+++ THE DATA +++

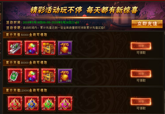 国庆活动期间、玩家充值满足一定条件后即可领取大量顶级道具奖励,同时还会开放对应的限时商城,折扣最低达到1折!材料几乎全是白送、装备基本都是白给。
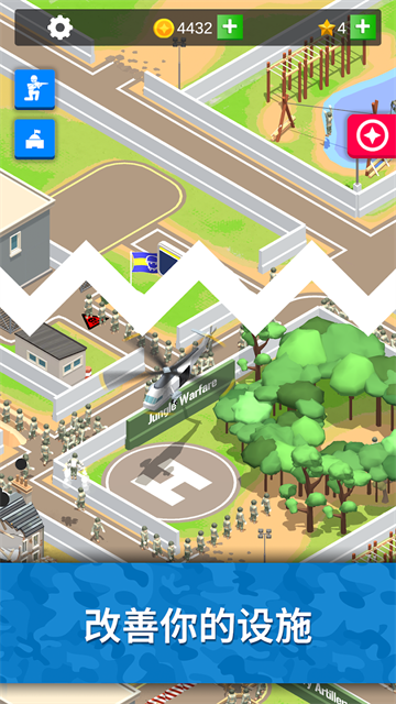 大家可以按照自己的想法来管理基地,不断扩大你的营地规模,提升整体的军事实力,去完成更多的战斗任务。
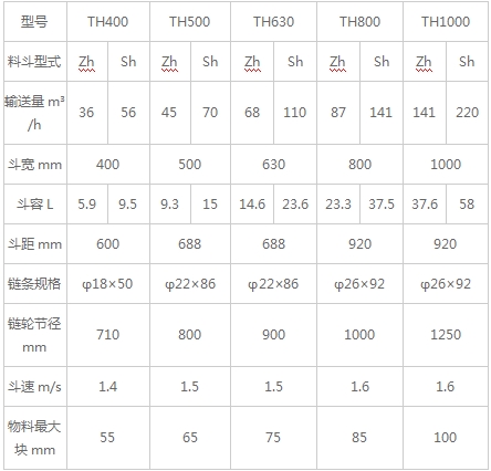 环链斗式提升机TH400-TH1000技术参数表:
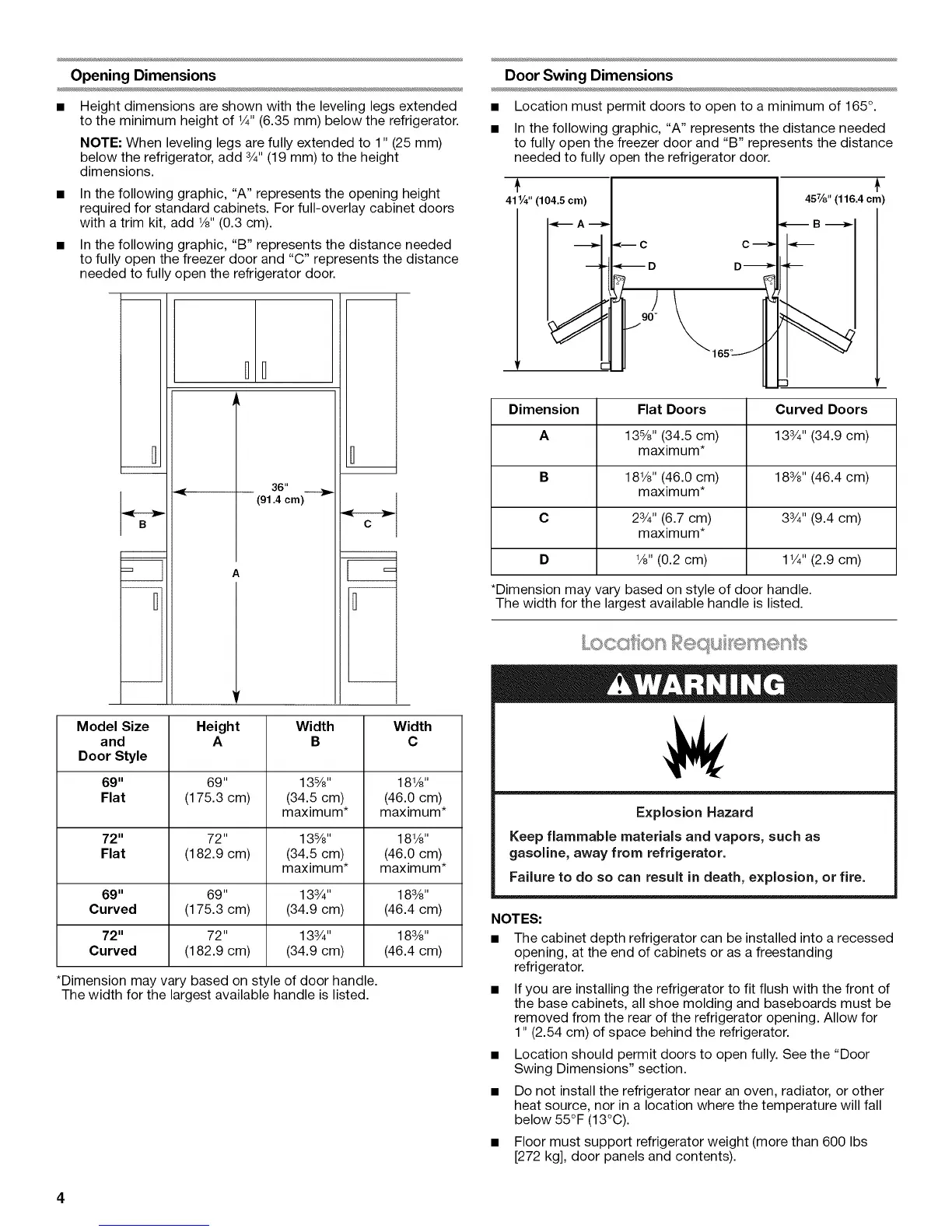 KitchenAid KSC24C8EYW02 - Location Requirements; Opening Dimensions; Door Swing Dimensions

+++
+++ THE DATA +++

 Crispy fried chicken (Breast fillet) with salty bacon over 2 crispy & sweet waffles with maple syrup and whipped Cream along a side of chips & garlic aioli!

+++

* _WORK ORDER_
Using the entries above, repeat exactly the lines from the one with "国庆活动期间、玩家充值满足一" to the one with "KitchenAid KSC24C8EYW02 - Location", both included, and leave the pictures behind.

* _ANSWER TO THIS PROBLEM_
 国庆活动期间、玩家充值满足一定条件后即可领取大量顶级道具奖励,同时还会开放对应的限时商城,折扣最低达到1折!材料几乎全是白送、装备基本都是白给。
 大家可以按照自己的想法来管理基地,不断扩大你的营地规模,提升整体的军事实力,去完成更多的战斗任务。
 环链斗式提升机TH400-TH1000技术参数表:
 KitchenAid KSC24C8EYW02 - Location Requirements; Opening Dimensions; Door Swing Dimensions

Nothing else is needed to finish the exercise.